_Work instruction_
The records are to be repeated exactly, and any images in them are to be dropped.

▼

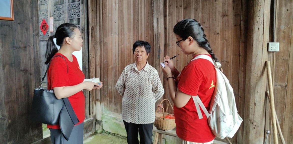 实践团成员们带着精心设计的问卷,穿梭于青石巷陌,叩开乡民家门,细致了解他们对古建价值的认知、日常修缮难题、政策了解程度以及对保护与开发的期待。在深入走访中,不同乡民的心声让实践团深切感受到古建筑保护的迫切与复杂。年过七旬的饶爷爷指着家中因不当修缮而霉变斑驳的墙面,痛心道:“特意找人修护,结果方法不对头。给门板刷了层油漆,看着亮堂,却把潮气闷在里面,导致木料发霉变形,把老物件的纹路质感都毁了!”随儿子回乡创业的王奶奶,对古镇也感情深厚,她忧心忡忡地指着院角松动的木雕:“看着这些宝贝快散架了真心疼,就盼着懂行的专家来好好修修,别让老物件在咱们手上断了传承。”无论是世代居住的原住民还是新乡民,都表达了对古建的珍视与忧虑。祝阿姨特意为实践团成员泡上当地茶,一句“把大家的想法带出去,让更多人关注石塘的老房子”的郑重托付,更让学子们深感肩上责任的沉甸甸。
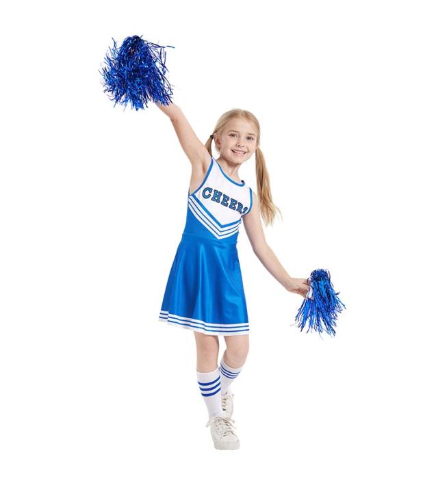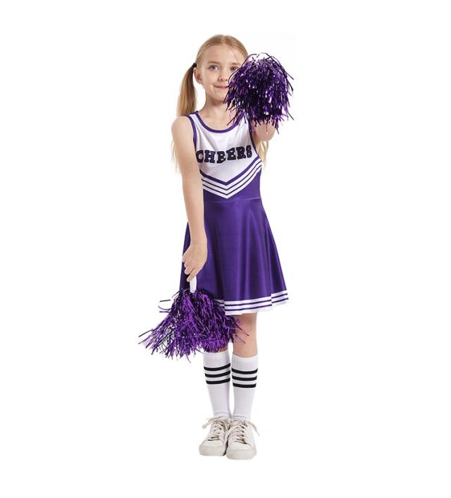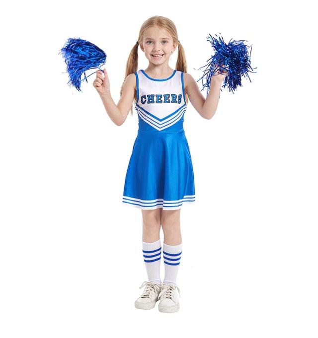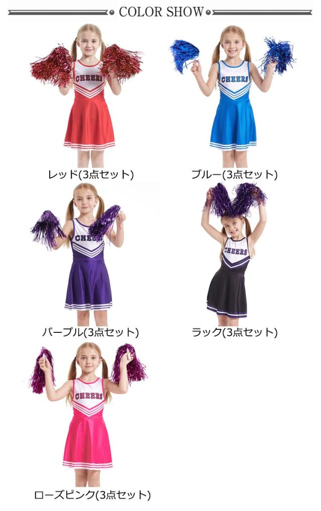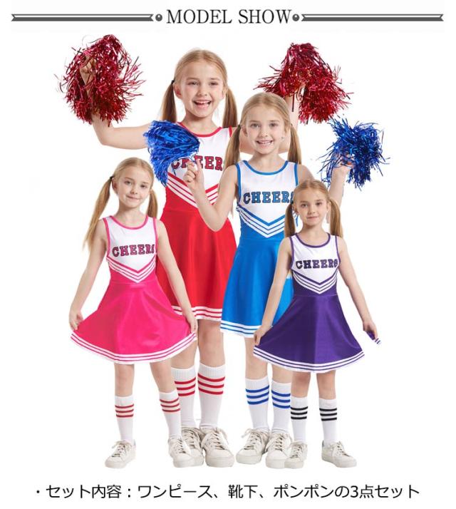 衣装 女の子 キッズ チアガール 3点セット ワンピース チアポンポン付き 靴下付き ノースリーブ 野球 応援 文化祭 学園祭 スポーツ
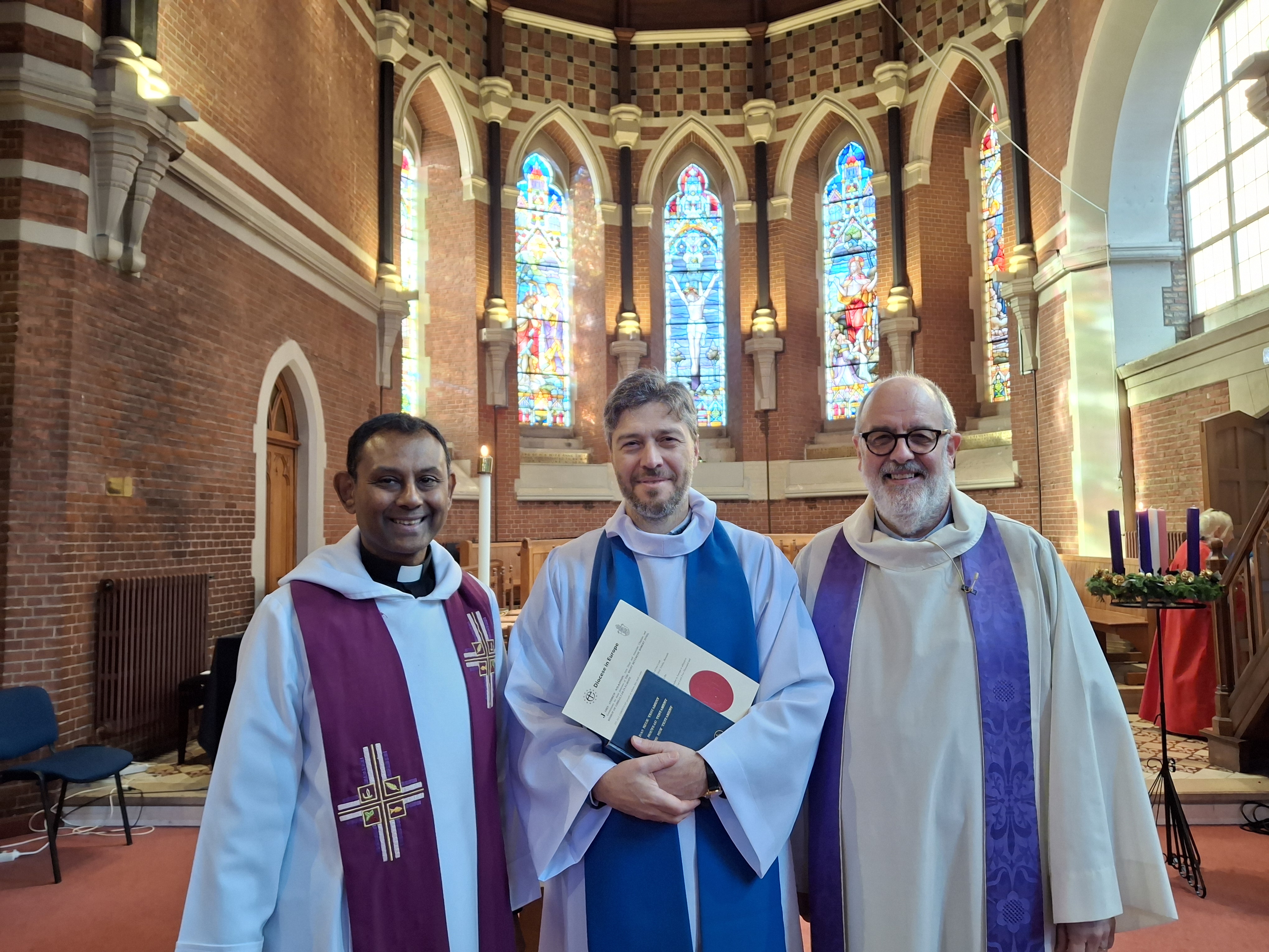 Pictured below: Jairo Ares Blanco, with Revd Canon Arani Sen and Revd Canon John Wilkinson, following his Licensing as a Reader at Holy Trinity Brussels for which the Friends kindly sponsored his Reader Scarf.
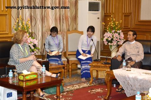 ပြည်သူ့လွှတ်တော် ဥက္ကဋ္ဌ ဦးဝင်းမြင့် သည် ဒီမိုကရေစီ အထောက်အကူပြုရေးနှင့် လွှတ်တော်အချင်းချင်း ပူးပေါင်းဆောင်ရွက်ရေးဆိုင်ရာ ဥရောပပါလီမန်အမတ် Ms.Judith Sargentini အား ယနေ့ မွန်းလွဲ ၂ နာရီတွင် နေပြည်တော်ရှိ လွှတ်တော် အဆောက်အအုံ ပြည်သူ့လွှတ်တော် ဧည့်ခန်းမ၌ လက်ခံတွေ့ဆုံသည်။
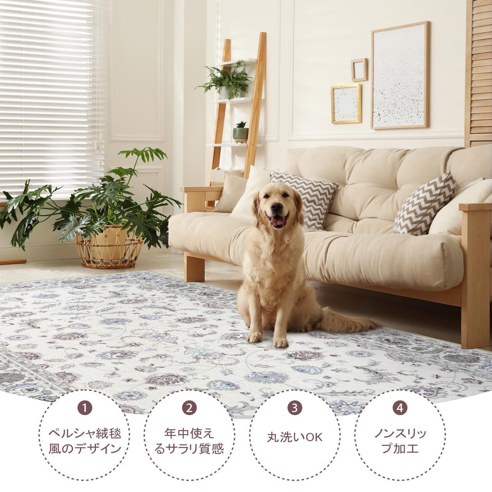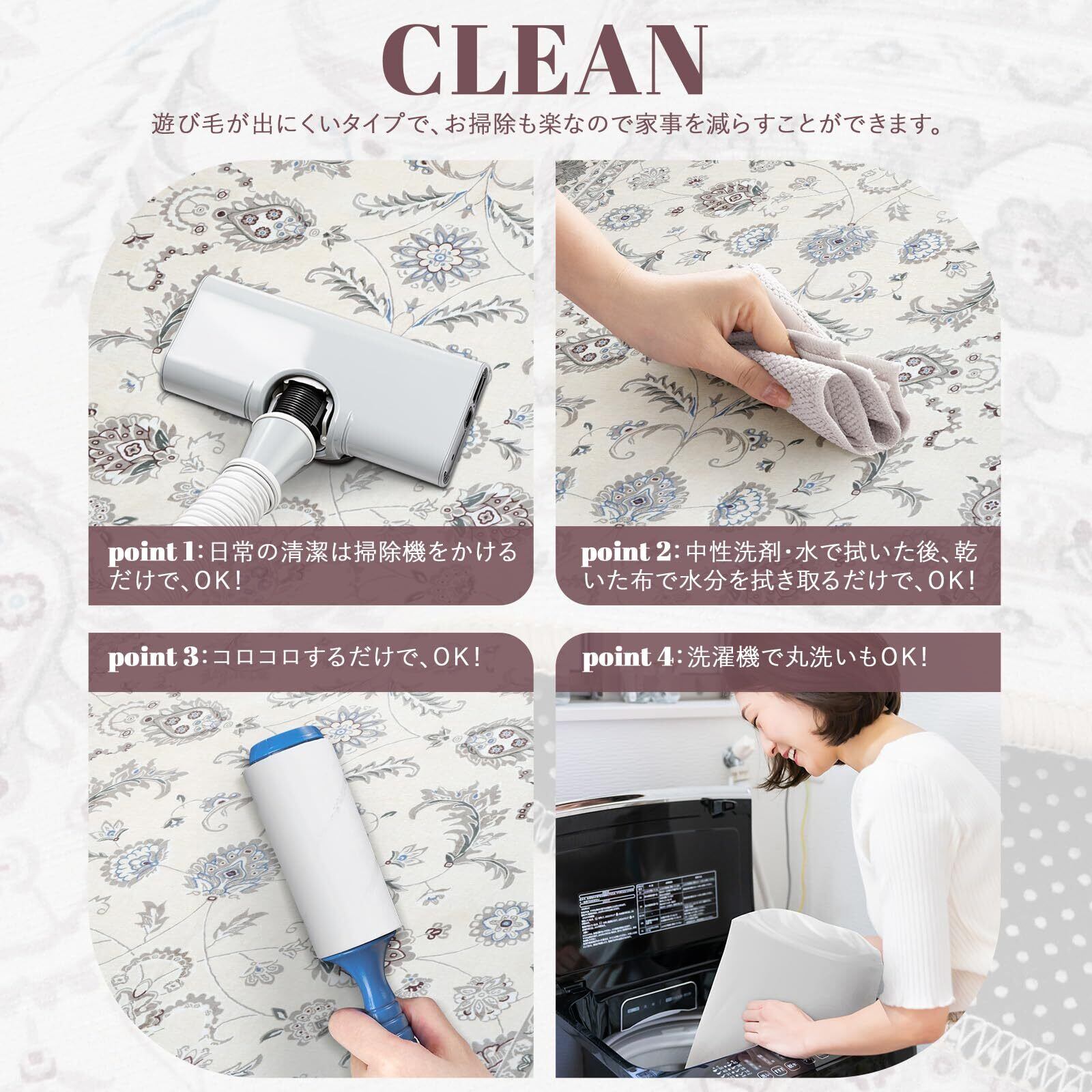 【お手入れ便利】毛足がないので、ゴミが絡みにくく、日常の清潔は粘着クリーナーをコロコロするや掃除機をか けるだけでキレイになります。また、汚れた場合は手洗いや洗濯ネットに入れて洗濯機で洗うことができます(ご 注意:風通しの良いところで陰干しし、アイロン、乾燥機の使用をお避け下さい。)
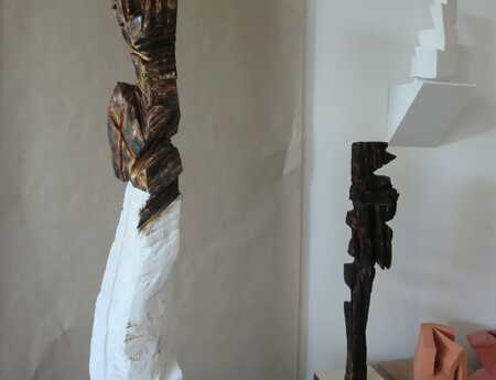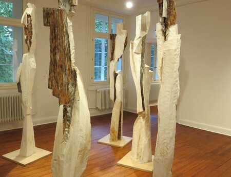 Gunther Gerlach ist Bildhauer, aber auch Zeichner. Als Bildhauer verwendet er mit Vorliebe Holz, als Zeichner den Grafitstift. Beide Ausdrucksmedien ergänzen sich dialogisch. In der Darstellung des Bildhauerischen scheint immer wieder in abstrahierter Weise die menschliche Figur durch. Bildhauen und Zeichnen scheinen in einem fortwährenden Prozess des Suchens zu verlaufen und immer dann rechtzeitig abzubrechen, wenn sich Formen als zu gekonnt, zu fertig, zu artifiziell erweisen. Diese prozesshafte künstlerische Haltung macht das sperrige seiner Arbeiten aus, die dem ästhetischen im wahren Sinne verpflichtet sind. Nicht das geschönte interessiert den Künstler, sondern das allseitig sinnlich erfahrbare
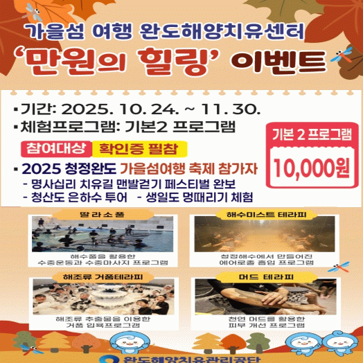 ‘만원의 힐링’ 이벤트는 ‘완도왔섬, 치유됐섬’을 주제로 개최되는 ‘2025 청정 완도 가을 섬 여행’을 하는 관광객이 가을 섬 여행과 함께 부담 없이 해양치유 프로그램을 즐길 수 있도록 마련됐다.
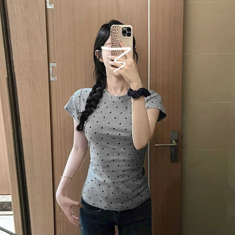 纯棉灰色波点正肩短袖t恤女夏季设计感小众法式修身短款紧身上衣
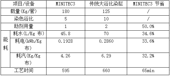 3 結(jié)果分析該種 AIRCOOL 針織面料作為功能型面料的一種,該種織物輕薄,布面敏感,在染缸中極易產(chǎn)生勾絲,傳統(tǒng)的加工一般采用大浴比染色來避免染色加工中出現(xiàn)折痕,勻染性問題。
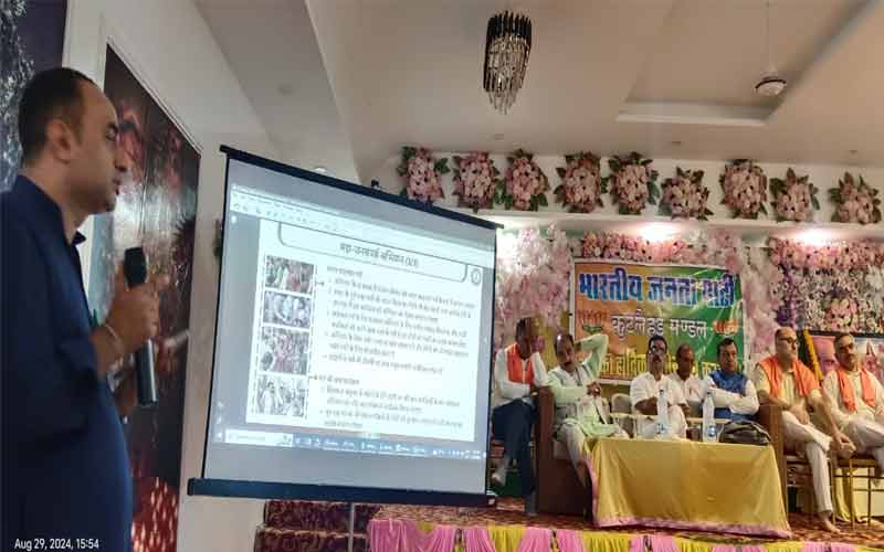 भाजपा सदस्यता अभियान की तैयारियों को लेकर थाना कलां में आयोजित कुटलैहड मंडल की कार्यशाला। August 29, 2024 PARUL
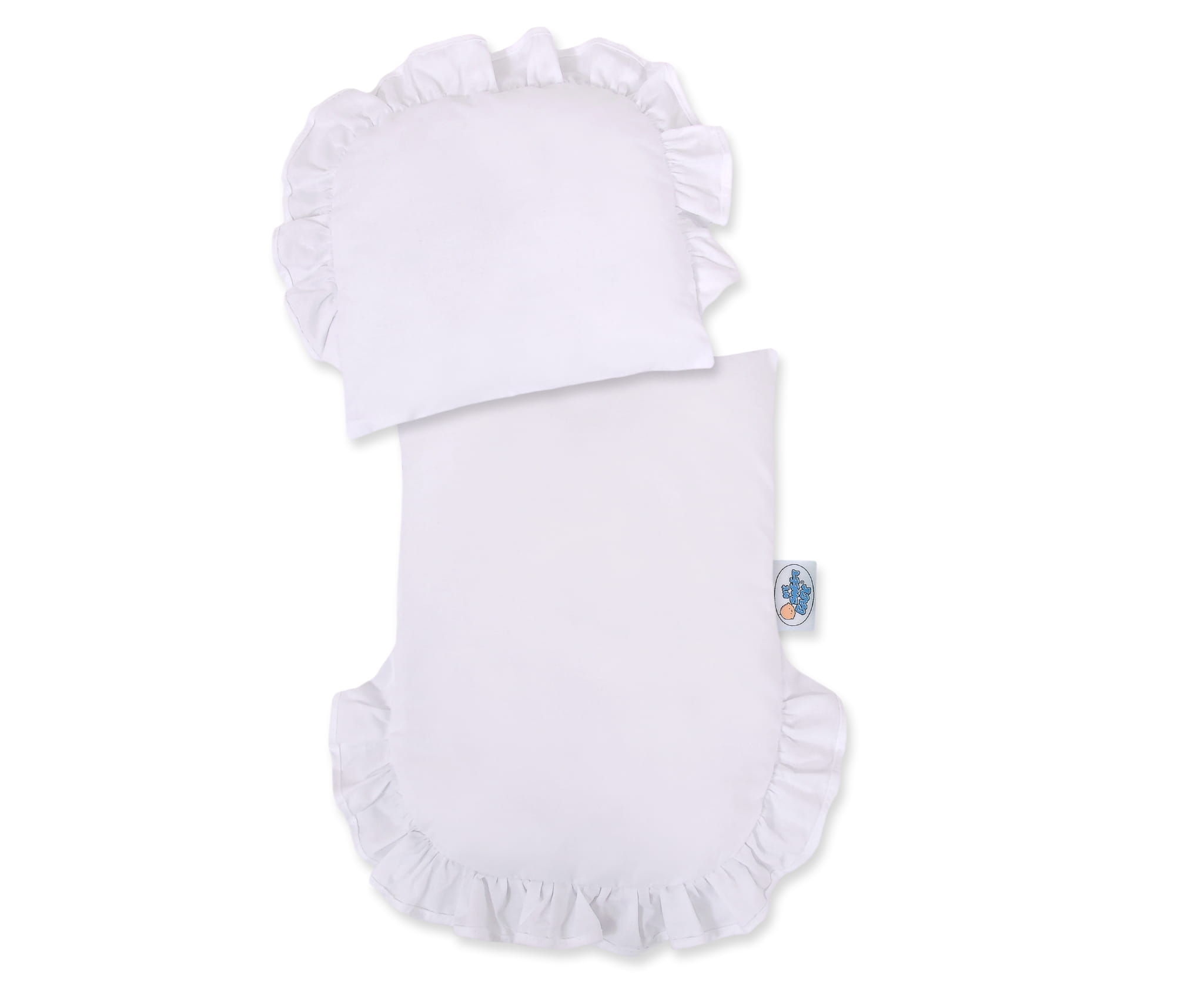 - komplet pościeli dla lalek oraz wyściółka wózka, z kokardkami po bokach,
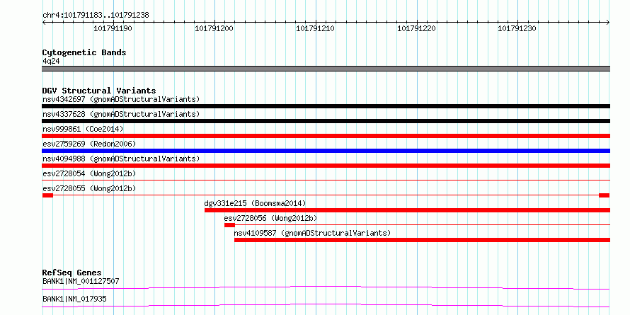 | Variant Type | CNV deletion | Copy Number | | Allele State | | Allele Origin | | Probe Count | | Validation Flag | | Merged Status | S | Merged Variants | esv2728055, esv2728054 | Supporting Variants | | Samples | SSM026 | Known Genes | BANK1 | Method | Sequencing | Analysis | Breakdancer:4 times standard deviation,VariationHunter:4 times standard deviation and at least 3 supportting reads | Platform | Illumina HiSeq 2000 | Comments | | Reference | Wong_et_al_2012b | Pubmed ID | 23290073 | Accession Number(s) | essv6956238

▲

_Task solution_
 实践团成员们带着精心设计的问卷,穿梭于青石巷陌,叩开乡民家门,细致了解他们对古建价值的认知、日常修缮难题、政策了解程度以及对保护与开发的期待。在深入走访中,不同乡民的心声让实践团深切感受到古建筑保护的迫切与复杂。年过七旬的饶爷爷指着家中因不当修缮而霉变斑驳的墙面,痛心道:“特意找人修护,结果方法不对头。给门板刷了层油漆,看着亮堂,却把潮气闷在里面,导致木料发霉变形,把老物件的纹路质感都毁了!”随儿子回乡创业的王奶奶,对古镇也感情深厚,她忧心忡忡地指着院角松动的木雕:“看着这些宝贝快散架了真心疼,就盼着懂行的专家来好好修修,别让老物件在咱们手上断了传承。”无论是世代居住的原住民还是新乡民,都表达了对古建的珍视与忧虑。祝阿姨特意为实践团成员泡上当地茶,一句“把大家的想法带出去,让更多人关注石塘的老房子”的郑重托付,更让学子们深感肩上责任的沉甸甸。
 衣装 女の子 キッズ チアガール 3点セット ワンピース チアポンポン付き 靴下付き ノースリーブ 野球 応援 文化祭 学園祭 スポーツ
 Pictured below: Jairo Ares Blanco, with Revd Canon Arani Sen and Revd Canon John Wilkinson, following his Licensing as a Reader at Holy Trinity Brussels for which the Friends kindly sponsored his Reader Scarf.
 ပြည်သူ့လွှတ်တော် ဥက္ကဋ္ဌ ဦးဝင်းမြင့် သည် ဒီမိုကရေစီ အထောက်အကူပြုရေးနှင့် လွှတ်တော်အချင်းချင်း ပူးပေါင်းဆောင်ရွက်ရေးဆိုင်ရာ ဥရောပပါလီမန်အမတ် Ms.Judith Sargentini အား ယနေ့ မွန်းလွဲ ၂ နာရီတွင် နေပြည်တော်ရှိ လွှတ်တော် အဆောက်အအုံ ပြည်သူ့လွှတ်တော် ဧည့်ခန်းမ၌ လက်ခံတွေ့ဆုံသည်။
 【お手入れ便利】毛足がないので、ゴミが絡みにくく、日常の清潔は粘着クリーナーをコロコロするや掃除機をか けるだけでキレイになります。また、汚れた場合は手洗いや洗濯ネットに入れて洗濯機で洗うことができます(ご 注意:風通しの良いところで陰干しし、アイロン、乾燥機の使用をお避け下さい。)
 Gunther Gerlach ist Bildhauer, aber auch Zeichner. Als Bildhauer verwendet er mit Vorliebe Holz, als Zeichner den Grafitstift. Beide Ausdrucksmedien ergänzen sich dialogisch. In der Darstellung des Bildhauerischen scheint immer wieder in abstrahierter Weise die menschliche Figur durch. Bildhauen und Zeichnen scheinen in einem fortwährenden Prozess des Suchens zu verlaufen und immer dann rechtzeitig abzubrechen, wenn sich Formen als zu gekonnt, zu fertig, zu artifiziell erweisen. Diese prozesshafte künstlerische Haltung macht das sperrige seiner Arbeiten aus, die dem ästhetischen im wahren Sinne verpflichtet sind. Nicht das geschönte interessiert den Künstler, sondern das allseitig sinnlich erfahrbare
 ‘만원의 힐링’ 이벤트는 ‘완도왔섬, 치유됐섬’을 주제로 개최되는 ‘2025 청정 완도 가을 섬 여행’을 하는 관광객이 가을 섬 여행과 함께 부담 없이 해양치유 프로그램을 즐길 수 있도록 마련됐다.
 纯棉灰色波点正肩短袖t恤女夏季设计感小众法式修身短款紧身上衣
 3 結(jié)果分析該種 AIRCOOL 針織面料作為功能型面料的一種,該種織物輕薄,布面敏感,在染缸中極易產(chǎn)生勾絲,傳統(tǒng)的加工一般采用大浴比染色來避免染色加工中出現(xiàn)折痕,勻染性問題。
 भाजपा सदस्यता अभियान की तैयारियों को लेकर थाना कलां में आयोजित कुटलैहड मंडल की कार्यशाला। August 29, 2024 PARUL
 - komplet pościeli dla lalek oraz wyściółka wózka, z kokardkami po bokach,
 | Variant Type | CNV deletion | Copy Number | | Allele State | | Allele Origin | | Probe Count | | Validation Flag | | Merged Status | S | Merged Variants | esv2728055, esv2728054 | Supporting Variants | | Samples | SSM026 | Known Genes | BANK1 | Method | Sequencing | Analysis | Breakdancer:4 times standard deviation,VariationHunter:4 times standard deviation and at least 3 supportting reads | Platform | Illumina HiSeq 2000 | Comments | | Reference | Wong_et_al_2012b | Pubmed ID | 23290073 | Accession Number(s) | essv6956238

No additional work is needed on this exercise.